General Classification Riders: Well-rounded riders who compete for the best overall time in a stage race. These riders are typically strong climbers and time trialists who are protected by their teammates.

Gruppetto: Literally translating from Italian as "little group" this is the last pack of riders on mountain roads, usually made up of sprinters, domestiques, and team leaders who are only riding survive the difficult course of the day. The French call this the "autobus." The goal of the grupetto or autobus is to finish ahead of the time limit - worked out as a percentage of the stage winner's finish time. Riders finishing outside of the time limited are disqualified, so the grupetto's pacing is very important.

King of the Mountain: During a stage race, points are awarded to the first few riders to cross the summit of categorized climbs. Difficult climbs are worth more points and the rider who has accumulated the most points over the course of a race is crowned at the King of the Mountain.

Lead-out man: Often an up and coming or veteran sprinter, this rider has the key task of preparing a star sprinter for a bunch sprint by keeping the pace high at the front of the peloton and sheltering his teammate from the wind. The lead-out man moves out of the way during the final few hundred meters to enable his sprinter to slingshot out of his slipstream and contest the stage win. Top sprinters like Tom Boonen, can usually count on a lead-out "train" of several teammates to set them up for victory.

Musette: A cotton bag, handed out in the feed zones by soigneurs, containing food and drink.

Power Meter: A device used by professional riders to measure their physical effort during a race. Power is measured in units of watts and riders carefully monitor their power on climbs and during breakaways to ensure they are riding within their own capabilities. The most powerful metric in elite racing is the power to weight ratio. Most of the riders you will see winning races ending in a mountaintop finish will have the highest power to weight ratio.

Rouleur/Strong men: Literally a "roller" this is a rider who can pedal a difficult gear for a long time on flat and rolling terrain.

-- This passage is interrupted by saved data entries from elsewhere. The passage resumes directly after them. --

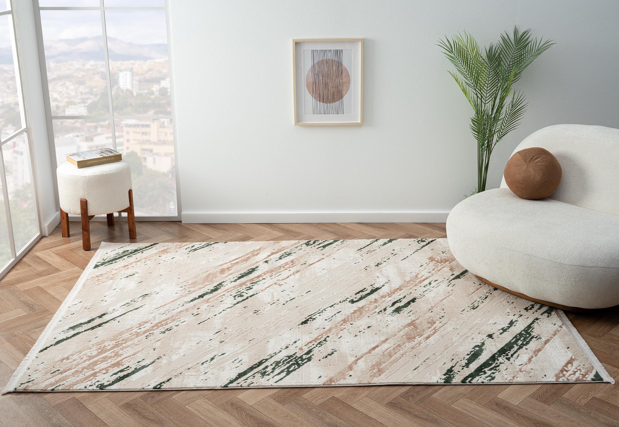 Karmen Halı Tokyo Tk003y Bej Halı Yeşil Detaylı Modern Akrilik Halı Kaymaz Taban Tozuaz Salon Halısı Koridor
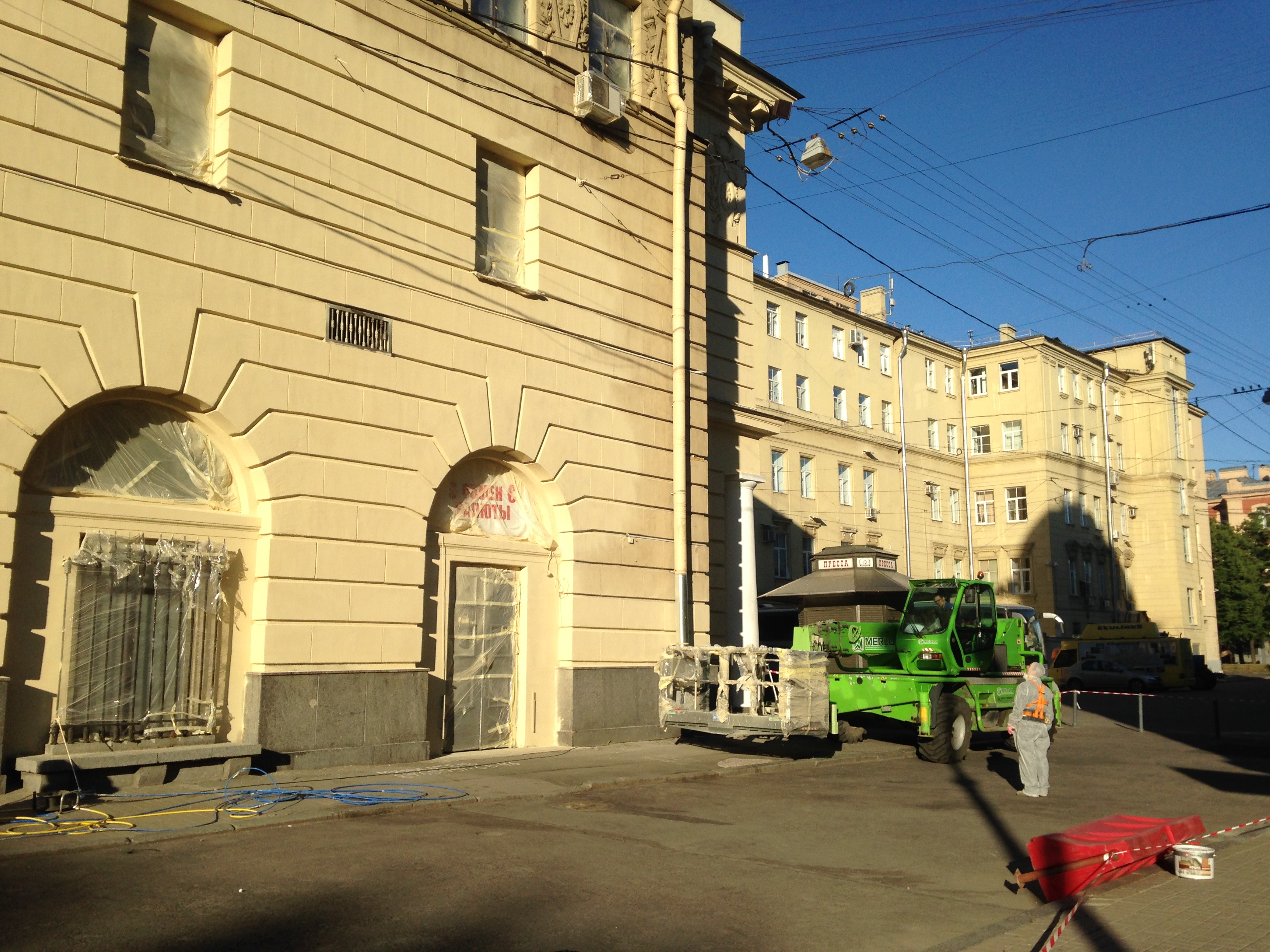Демонтируют забор, вернули фонари, заменили остекление вестибюля. Фото сегодняшние.
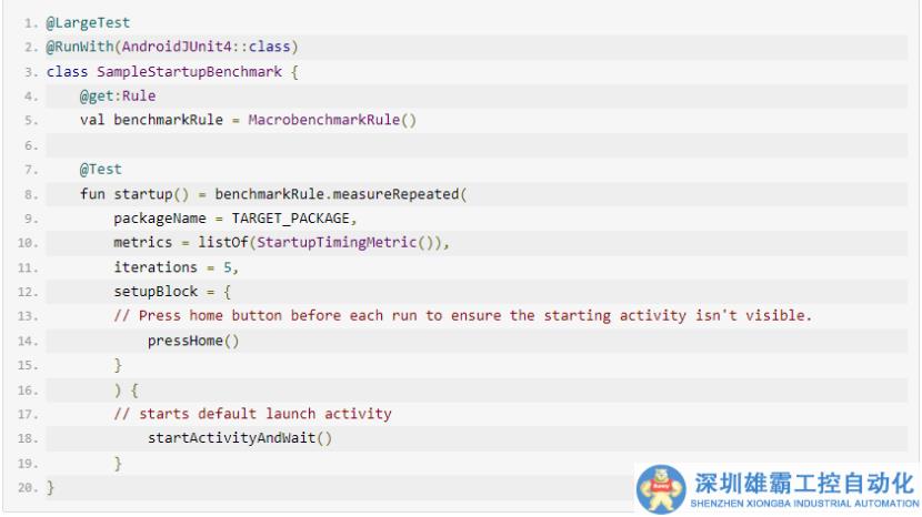 比如我們現(xiàn)在需要對(duì)App應(yīng)用啟動(dòng)時(shí)間進(jìn)行監(jiān)控。則可以在Macrobenchmark Module編寫一個(gè)測(cè)試用例類,在測(cè)試用例類中編寫測(cè)試用例方案,如測(cè)量5次打開應(yīng)用時(shí)間。

Every team has three or four rouleurs employed as domestiques who protect their leaders by chasing down breakaways and sheltering them from the wind.

Soigneurs: From the French verb meaning "to take care of". The role traditionally involves preparing food for the riders, driving the team's spare vehicles and providing massages.

Wheel Sucker: A rider who refuses to cooperate with the pace-making and constantly rides in the slipstream of the others, saving energy and irritating his rivals. This is a negative term.

Sprinters: Each team typically has one powerful rider who has the ability to produce a quick burst of speed at the end of a race; this is a sprinter. On flat courses, teams protect their sprinter from the wind so they can conserve as much energy as possible until the final few hundred meters of the race. A win for a sprinter is always a win for the entire team because a sprinter would not be able to showcase his finishing power without the support of his teammates throughout the race.